As a pediatric resident at Emory University, a toddler who presented to our team with a metabolic stroke episode who was eventually diagnosed with mitochondrial encephalomyopathy, lactic acidosis, and stroke-like episodes (MELAS) syndrome cemented my conviction of becoming a physician-scientist and working on rare disorders. As I met more patients with mitochondrial diseases over the years, I realized I could make an impact in the management of these rare disorders by exploring novel therapeutic approaches through clinical trials.
What has been your biggest “aha” moment as a scientist?
My biggest "aha" moment as a scientist was adapting a stable isotope approach that had been previously used in urea cycle disorders to MELAS. In so doing, I was able to demonstrate a deficiency of nitric oxide production in patients with MELAS when compared to controls.
Moreover, the amino acid L-citrulline restored nitric oxide production to normal levels, opening the possibility of a phase 1 clinical trial of citrulline in adult patients with MELAS currently funded by the NIH through the NAMDC. It is very rewarding to know that a new door opened to treat patients with this rare disorder, as they count on you to improve their quality of life.
Can you tell us about a recent discovery and what it means for patients and physicians?

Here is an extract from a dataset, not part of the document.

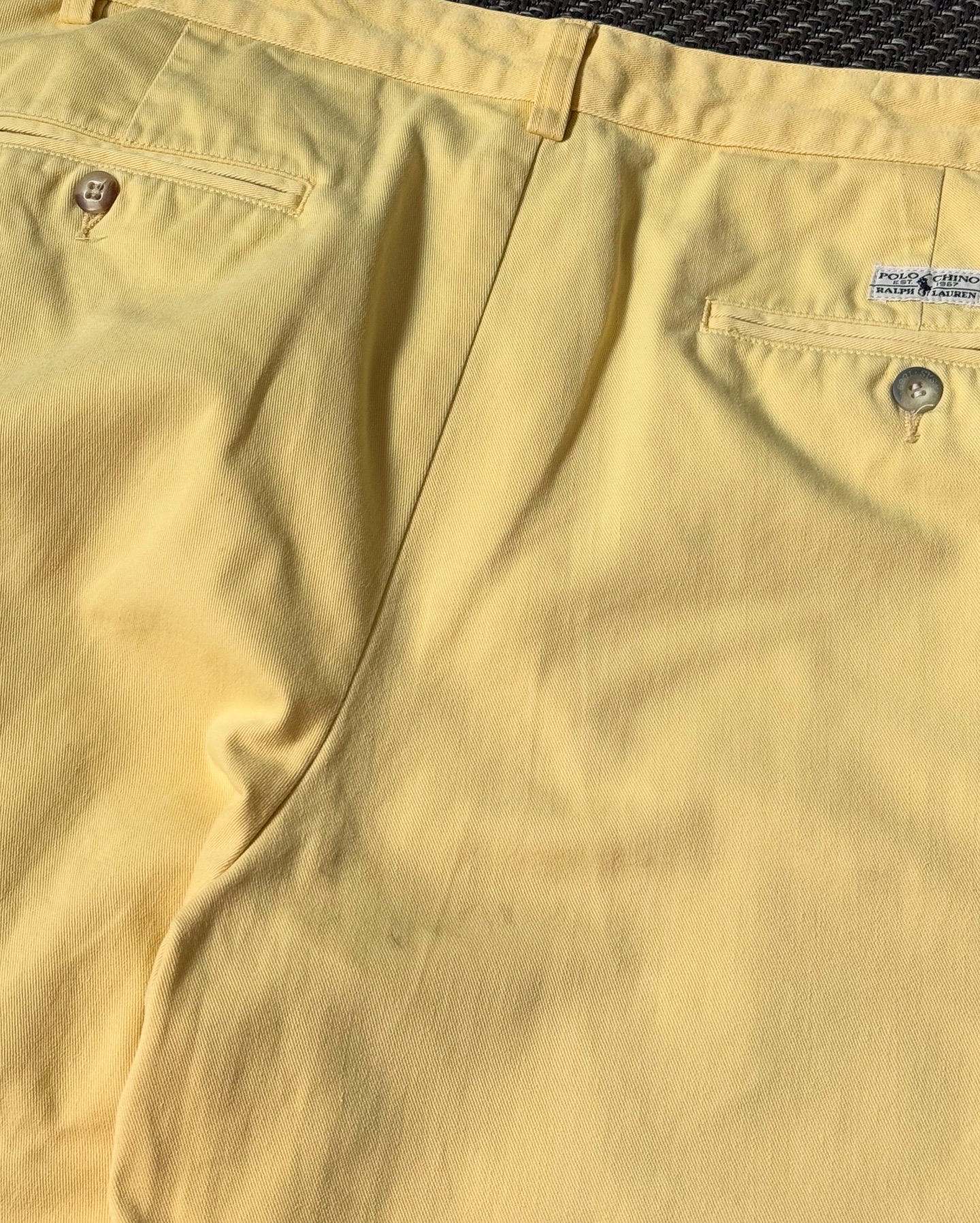 90년대 폴로 랄프로렌 ‘Andrew’ 치노팬츠입니다. 쉽게 보기힘든 옐로우 컬러웨이와 투플리츠 디테일의 여유로운 실루엣이 매력적인 제품입니다. 뒷면 힙부분 미세한 오염 외 하자 없는 양호한 컨디션이며, 실측 32 정도 되는 사이즈감입니다.

We are currently using an untargeted metabolomics approach to identify novel biomarkers for mitochondrial disease. These discoveries can help as these biomarkers will be immensely useful to monitor the progression of the disease and the response to existing and new therapies in the form of clinical trials.

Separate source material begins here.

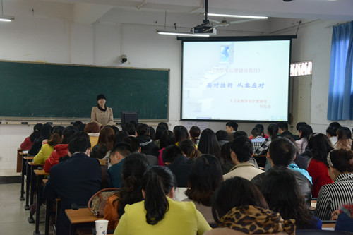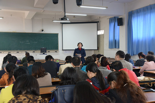 本次教研活动以“高职教学方法选用”为主题,由学院教务处潘绿萍处长主持,分四个环节进行。首先,教育科学教研室付先全老师在2013级语文教育2班为参会教师上了一堂题为“面对挫折,从容应对”的大学生心理健康教育观摩课;课后付老师面对参会师生说课;然后由学生评课;最后是教师评课、讨论。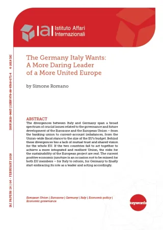 Paper prepared by the Istituto Affari Internazionali (IAI) on behalf of the Friedrich Ebert Foundation-Rome Office, February 2018. See also: Was Italien sich von Deutschland wünscht. Ein wagemutiges Deutschland für ein wagemutiges Europa, Berlino, Friedrich-Ebert-Stiftung, February 2018, 7 p. (Politik für Europa #2017 plus), ISBN 978-3-96250-059-7.

Can you tell us about the NAMDC, how it came together, and what role it has played in your work?
Research in mitochondrial disorders had been hindered by the fact that these are rare disorders and by lack of ascertainment by clinicians. This had hampered the recruitment of participants in research studies and clinical trials. The NAMDC was set up in 2010 to circumvent these roadblocks. These efforts were led by Dr. Michio Hirano and Dr. Salvatore Di Mauro.

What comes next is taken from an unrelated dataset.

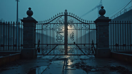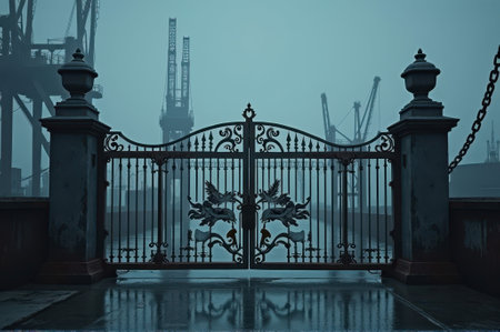 That the image is generated using AI. Ornate iron gate in foggy industrial harbor setting at dawn.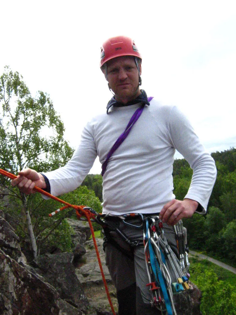 Luft under fötterna. Standplats på en hylla ca 25 m. Häggsta Stockholm

This consortium of clinicians and researchers in the United States and Canada whose work is focused on mitochondrial disease has created a mechanism for sharing patient samples and data among researchers. It has also allowed us to better study the incidence and prevalence of these disorders and their natural history. In doing so, NAMDC has enormously facilitated my work to conduct clinical research and launch a phase 1 trial to evaluate the safety of L-citrulline in adult patients with MELAS syndrome.
What do you see ahead for the NAMDC and your rare disease research?
As a member of a working group, we are focused on ensuring the long-term viability and sustainability of our consortium and other consortia. In our case, that will be key to continue providing a service to the mitochondrial community. I do foresee NAMDC as a permanent stakeholder that will foster laboratory and clinical research.
Consequently, this will lead to the development of targeted therapies that will ultimately improve the quality of life of patients with mitochondrial disease and their families. It is very important to have the structure of NAMDC present to continue nurturing my rare disease research and the research of other investigators.
The North American Mitochondrial Disease Consortium (NAMDC) is part of the Rare Diseases Clinical Research Network (RDCRN), which is funded by the National Institutes of Health (NIH) and led by the National Center for Advancing Translational Sciences (NCATS) through its Division of Rare Diseases Research Innovation (DRDRI). NAMDC is funded under grant number U54NS078059 as a collaboration between NCATS, the National Institute of Neurological Disorders and Stroke (NINDS), the Eunice Kennedy Shriver National Institute of Child Health and Human Development (NICHD), and the Office of Dietary Supplements (ODS).